LaTeX note 1: how to draw B+ tree w/ TikZ

As promised, I should have updated here much more frequently. Well… things are sort of going out of control since I’ve started my grad journey. Anyways, I’m so ecstatic when getting a B+ tree straight out from LaTeX like this one below!!

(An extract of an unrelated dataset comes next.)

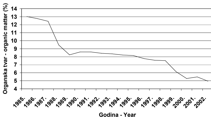
Organska tvar - organic matter

Postotni udio organske tvari za svaku godinu u nizu pokazuje statistički visoko značajan trend opadanja tijekom sedamnaestogodišnjeg perioda istraživanja ( P < 0,01 ; F = 87,954^{**} ; t_{(16)} = 13,977 ) i to za 0,92% ( y = 26,922 - 0,92x_i ) (Grafikon 1.). Istovremeno, i sadržaj humusa za svaku godinu u nizu ima statistički visoko značajan trend opadanja ( P < 0,01 ; F = 27,208^{**} ; t_{(16)} = 8,751 ) i to za 0,79% ( y = 21,865 - 0,79x_i ) (Grafikon 2.).

I learned a great deal from this post but the B+ tree code provided does not resemble with the ones in the lecture notes (see an example below). That’s the ONLY post that I found online that talks about how to draw B+ tree in LaTeX. I’m aware that other talented people have also worked on this and provided .sty packages, but unfortunately that’s too much work and not for me 🙂 So here we go! A simple hands-on instruction on LaTeX B+ tree with TikZ!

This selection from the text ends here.